- _What is expected_:
With all images omitted, write out the records word for word.
*-*-*
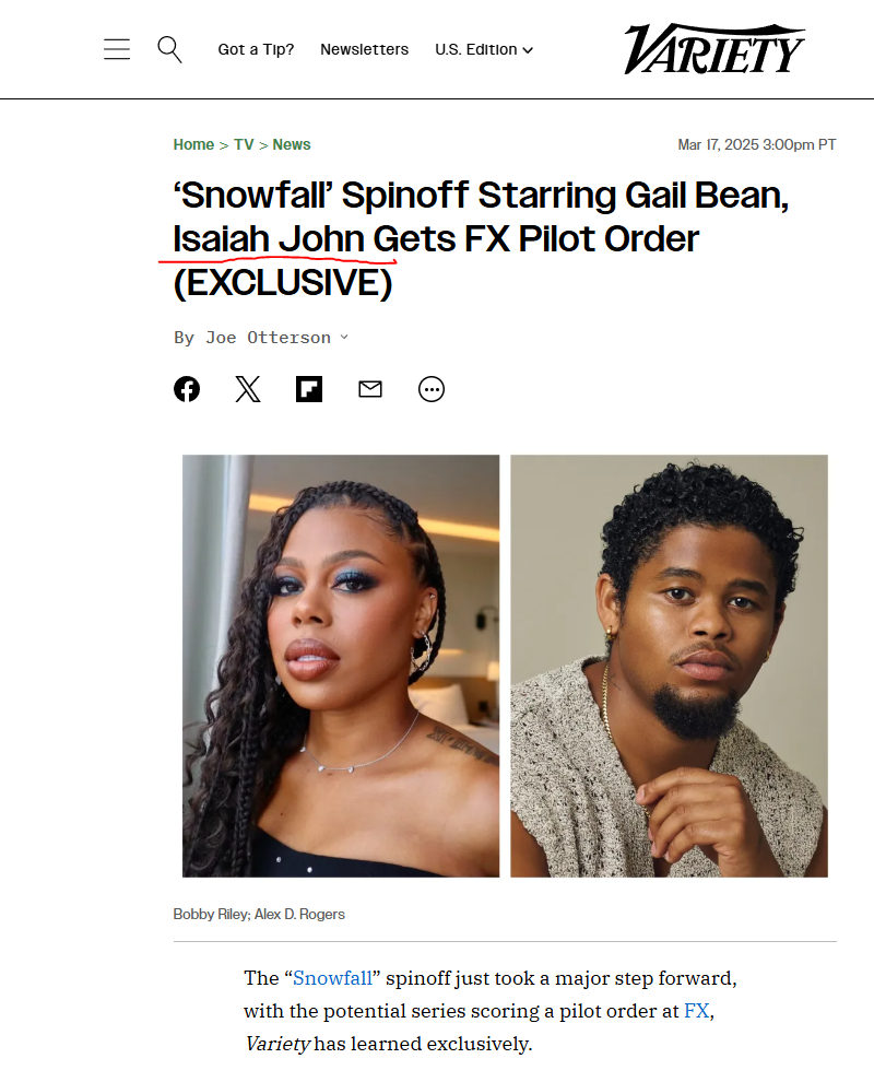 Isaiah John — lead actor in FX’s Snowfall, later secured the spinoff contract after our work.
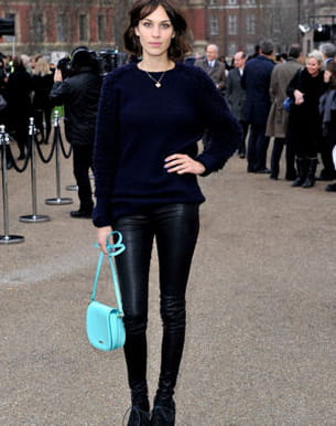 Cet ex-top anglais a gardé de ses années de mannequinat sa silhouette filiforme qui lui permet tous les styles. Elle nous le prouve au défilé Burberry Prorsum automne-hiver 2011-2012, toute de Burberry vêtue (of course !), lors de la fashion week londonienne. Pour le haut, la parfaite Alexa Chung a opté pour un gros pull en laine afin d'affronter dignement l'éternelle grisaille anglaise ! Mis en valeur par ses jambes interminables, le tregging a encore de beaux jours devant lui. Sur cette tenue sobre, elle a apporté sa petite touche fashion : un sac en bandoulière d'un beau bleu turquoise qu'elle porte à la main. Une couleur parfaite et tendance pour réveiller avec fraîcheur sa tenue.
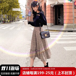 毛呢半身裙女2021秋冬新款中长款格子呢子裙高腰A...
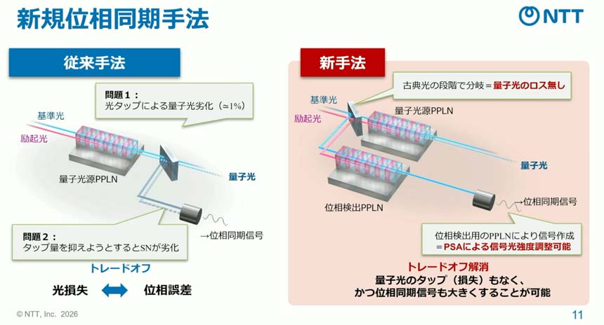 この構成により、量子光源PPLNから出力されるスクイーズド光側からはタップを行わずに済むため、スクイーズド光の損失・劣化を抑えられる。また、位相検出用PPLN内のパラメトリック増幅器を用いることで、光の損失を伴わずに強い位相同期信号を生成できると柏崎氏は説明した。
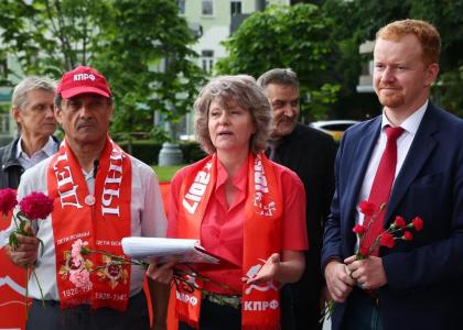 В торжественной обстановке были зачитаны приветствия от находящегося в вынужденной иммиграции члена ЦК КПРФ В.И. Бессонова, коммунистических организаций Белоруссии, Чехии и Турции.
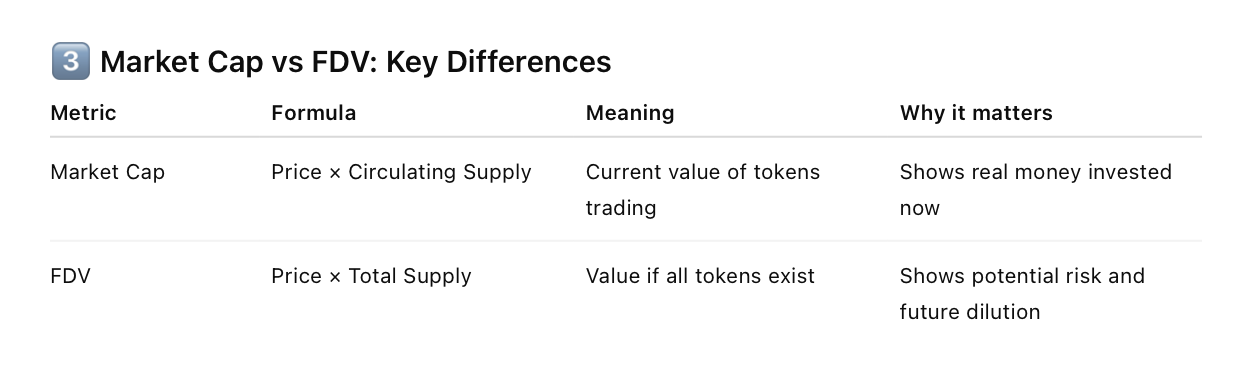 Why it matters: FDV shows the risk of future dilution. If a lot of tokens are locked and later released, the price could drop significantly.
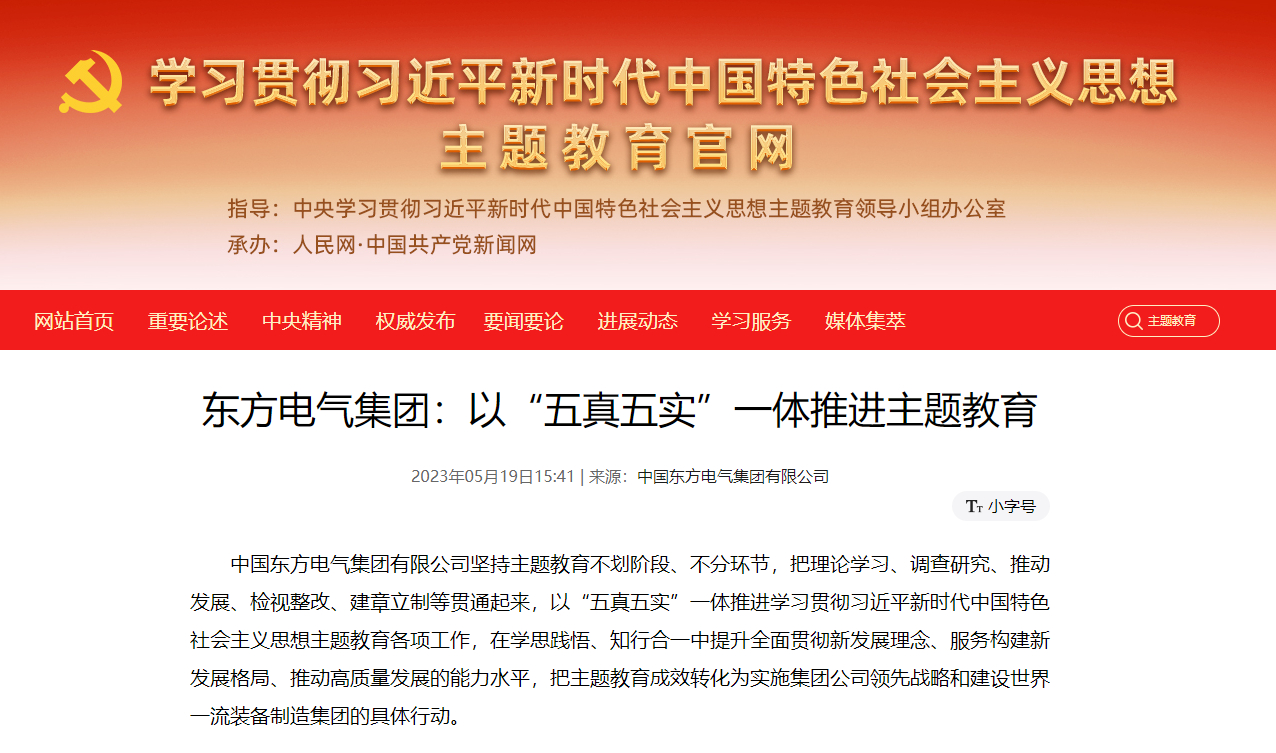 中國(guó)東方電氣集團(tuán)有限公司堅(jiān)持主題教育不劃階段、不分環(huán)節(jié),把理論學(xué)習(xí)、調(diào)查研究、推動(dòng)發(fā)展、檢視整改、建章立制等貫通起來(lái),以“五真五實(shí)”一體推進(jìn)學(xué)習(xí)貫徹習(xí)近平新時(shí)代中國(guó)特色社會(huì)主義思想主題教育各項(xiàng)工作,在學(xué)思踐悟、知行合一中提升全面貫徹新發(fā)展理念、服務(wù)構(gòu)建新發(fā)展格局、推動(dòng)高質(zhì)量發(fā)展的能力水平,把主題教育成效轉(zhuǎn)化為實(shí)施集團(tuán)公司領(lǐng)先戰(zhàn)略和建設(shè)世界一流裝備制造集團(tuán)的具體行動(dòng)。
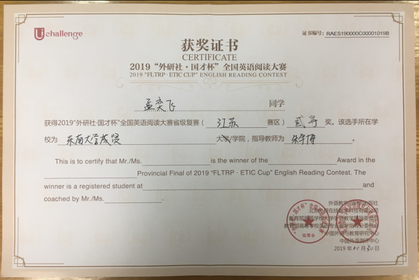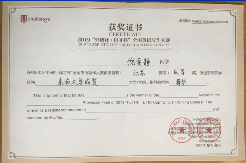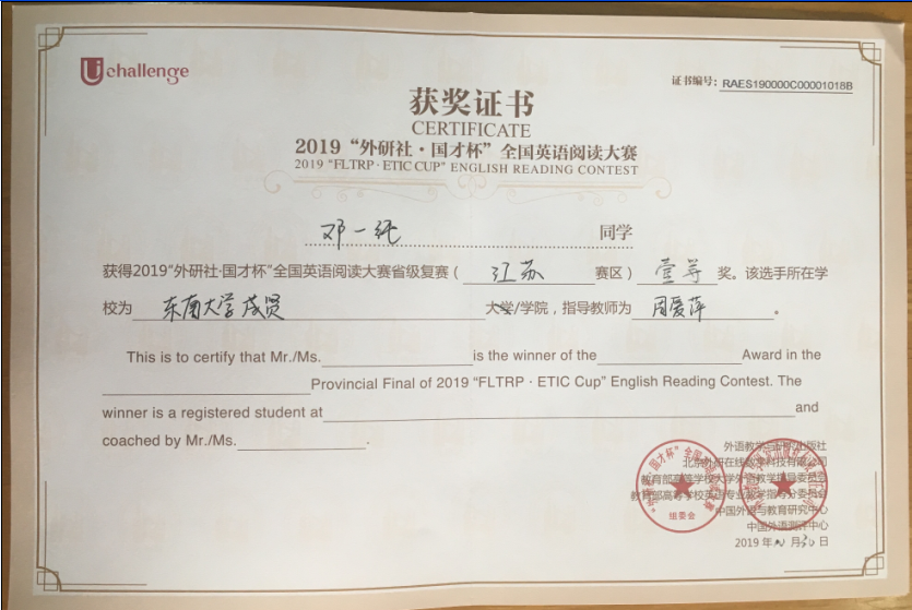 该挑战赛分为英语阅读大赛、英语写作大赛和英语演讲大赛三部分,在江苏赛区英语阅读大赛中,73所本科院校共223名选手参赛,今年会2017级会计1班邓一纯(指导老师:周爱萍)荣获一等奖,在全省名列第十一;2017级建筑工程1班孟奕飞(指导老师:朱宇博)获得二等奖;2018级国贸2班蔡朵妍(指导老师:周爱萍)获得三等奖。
*-*-*
- _Task result_:
 Isaiah John — lead actor in FX’s Snowfall, later secured the spinoff contract after our work.
 Cet ex-top anglais a gardé de ses années de mannequinat sa silhouette filiforme qui lui permet tous les styles. Elle nous le prouve au défilé Burberry Prorsum automne-hiver 2011-2012, toute de Burberry vêtue (of course !), lors de la fashion week londonienne. Pour le haut, la parfaite Alexa Chung a opté pour un gros pull en laine afin d'affronter dignement l'éternelle grisaille anglaise ! Mis en valeur par ses jambes interminables, le tregging a encore de beaux jours devant lui. Sur cette tenue sobre, elle a apporté sa petite touche fashion : un sac en bandoulière d'un beau bleu turquoise qu'elle porte à la main. Une couleur parfaite et tendance pour réveiller avec fraîcheur sa tenue.
 毛呢半身裙女2021秋冬新款中长款格子呢子裙高腰A...
 この構成により、量子光源PPLNから出力されるスクイーズド光側からはタップを行わずに済むため、スクイーズド光の損失・劣化を抑えられる。また、位相検出用PPLN内のパラメトリック増幅器を用いることで、光の損失を伴わずに強い位相同期信号を生成できると柏崎氏は説明した。
 В торжественной обстановке были зачитаны приветствия от находящегося в вынужденной иммиграции члена ЦК КПРФ В.И. Бессонова, коммунистических организаций Белоруссии, Чехии и Турции.
 Why it matters: FDV shows the risk of future dilution. If a lot of tokens are locked and later released, the price could drop significantly.
 中國(guó)東方電氣集團(tuán)有限公司堅(jiān)持主題教育不劃階段、不分環(huán)節(jié),把理論學(xué)習(xí)、調(diào)查研究、推動(dòng)發(fā)展、檢視整改、建章立制等貫通起來(lái),以“五真五實(shí)”一體推進(jìn)學(xué)習(xí)貫徹習(xí)近平新時(shí)代中國(guó)特色社會(huì)主義思想主題教育各項(xiàng)工作,在學(xué)思踐悟、知行合一中提升全面貫徹新發(fā)展理念、服務(wù)構(gòu)建新發(fā)展格局、推動(dòng)高質(zhì)量發(fā)展的能力水平,把主題教育成效轉(zhuǎn)化為實(shí)施集團(tuán)公司領(lǐng)先戰(zhàn)略和建設(shè)世界一流裝備制造集團(tuán)的具體行動(dòng)。
 该挑战赛分为英语阅读大赛、英语写作大赛和英语演讲大赛三部分,在江苏赛区英语阅读大赛中,73所本科院校共223名选手参赛,今年会2017级会计1班邓一纯(指导老师:周爱萍)荣获一等奖,在全省名列第十一;2017级建筑工程1班孟奕飞(指导老师:朱宇博)获得二等奖;2018级国贸2班蔡朵妍(指导老师:周爱萍)获得三等奖。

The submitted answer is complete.